Source code for bioneuralnet.external_tools.smccnet

import os
import subprocess
import pandas as pd
from pathlib import Path
import json
import tempfile
from typing import List, Dict, Any
from ..utils.logger import get_logger
import shutil

import os
import sys
import json
import time
import threading
import itertools
import shutil
import subprocess
from pathlib import Path
from importlib.resources import files

class SmCCNet:
    """
    SmCCNet Class for Graph Generation using Sparse Multiple Canonical Correlation Networks (SmCCNet).
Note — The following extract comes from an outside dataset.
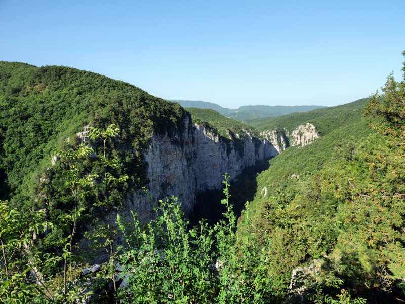 In der Karten-App sind in der Nähe zwei Aussichtspunkte eingetragen. Der Weg zum ersten hört jedoch einfach im Wald auf. Mein Verdacht wird dadurch bestärkt: wir befinden uns in der Randzone der Kulisse der Truman-Show. Gestern hat der Regisseur Dutzende Statisten losgeschickt, um zu verhindern, dass wir das „Ende der Welt“ erreichen. Wahrscheinlich wurde danach die ganze Nacht gearbeitet, um die Sets zu erweitern, aber mit diesem Aussichtspunkt sind sie nicht fertig geworden. Wir geben allerdings nicht auf und gehen auch zur zweiten Stelle mit Blick in die Vikakis-Schlucht. Hier haben die Bühnenbildner ganze Arbeit geleistet!

    This class handles the preprocessing of omics data, execution of the SmCCNet R script,
    and retrieval of the resulting adjacency matrix from a designated output directory.
    
    Attributes:

        phenotype_df (pd.DataFrame): DataFrame containing phenotype data, shape [samples x 1 or more].
        omics_dfs (List[pd.DataFrame]): List of omics DataFrames.
        data_types (List[str]): List of omics data type strings (e.g. ["Genes", "miRNA"]).
        kfold (int): Number of folds for cross-validation. Default=5.
        eval_method (str): e.g. 'accuracy', 'auc', 'f1', or 'Rsquared' (if you patch SmCCNet).
        subSampNum (int): # of subsamplings. Default=50.
        summarization (str): 'NetSHy', 'PCA', or 'SVD'. Default='NetSHy'.
        seed (int): Random seed. Default=123.
        ncomp_pls (int): # of components for PLS. 0 => no PLS. Default=0.
        between_shrinkage (float): Shrink factor for multi-omics correlation. Default=5.0.
        output_dir (str): Folder to write temp files. If None, uses a temporary directory.
    """
    def __init__(
        self,
        phenotype_df: pd.DataFrame,
        omics_dfs: List[pd.DataFrame],
        data_types: List[str],
        kfold: int = 5,
        eval_method: str = "",        
        subSampNum: int = 500,
        summarization: str = "NetSHy",
        seed: int = 119,
        ncomp_pls: int = 0,              
        between_shrinkage: float = 5.0,
        cut_height: float = (1.0 - 0.1**10.0),
        preprocess: int = 0,
        output_dir: str = None
    ):
        """
        Initializes the SmCCNet instance.

        Args:
            phenotype_df (pd.DataFrame): DataFrame containing phenotype data, shape [samples x 1 or more].
            omics_dfs (List[pd.DataFrame]): List of omics DataFrames.
            data_types (List[str]): List of omics data type strings (e.g. ["Genes", "miRNA"]).
            kfold (int): Number of folds for cross-validation. Default=5.
            eval_method (str): e.g. 'accuracy', 'auc', 'f1', or 'Rsquared' (if you patch SmCCNet).
            subSampNum (int): # of subsamplings. Default=50.
            summarization (str): 'NetSHy', 'PCA', or 'SVD'. Default='NetSHy'.
            seed (int): Random seed. Default=123.
            ncomp_pls (int): # of components for PLS. 0 => no PLS. Default=0.
            between_shrinkage (float): Shrink factor for multi-omics correlation. Default=5.0.
            output_dir (str): Folder to write temp files. If None, uses a temporary directory.
        """
        self.logger = get_logger(__name__)
        self.rscript_path = shutil.which("Rscript")
        if self.rscript_path is None:
            raise EnvironmentError("Rscript not found in system PATH. R is required to run SmCCNet.")

        try:
            r_script_path = files("bioneuralnet.external_tools").joinpath("SmCCNet.R")
            if not r_script_path.is_file():
                raise FileNotFoundError

            self.r_script = str(r_script_path)
            self.logger.info(f"Using R script via importlib: {self.r_script}")

        except Exception:
            script_dir = os.path.dirname(os.path.abspath(__file__))
            r_script_path = os.path.join(script_dir, "SmCCNet.R")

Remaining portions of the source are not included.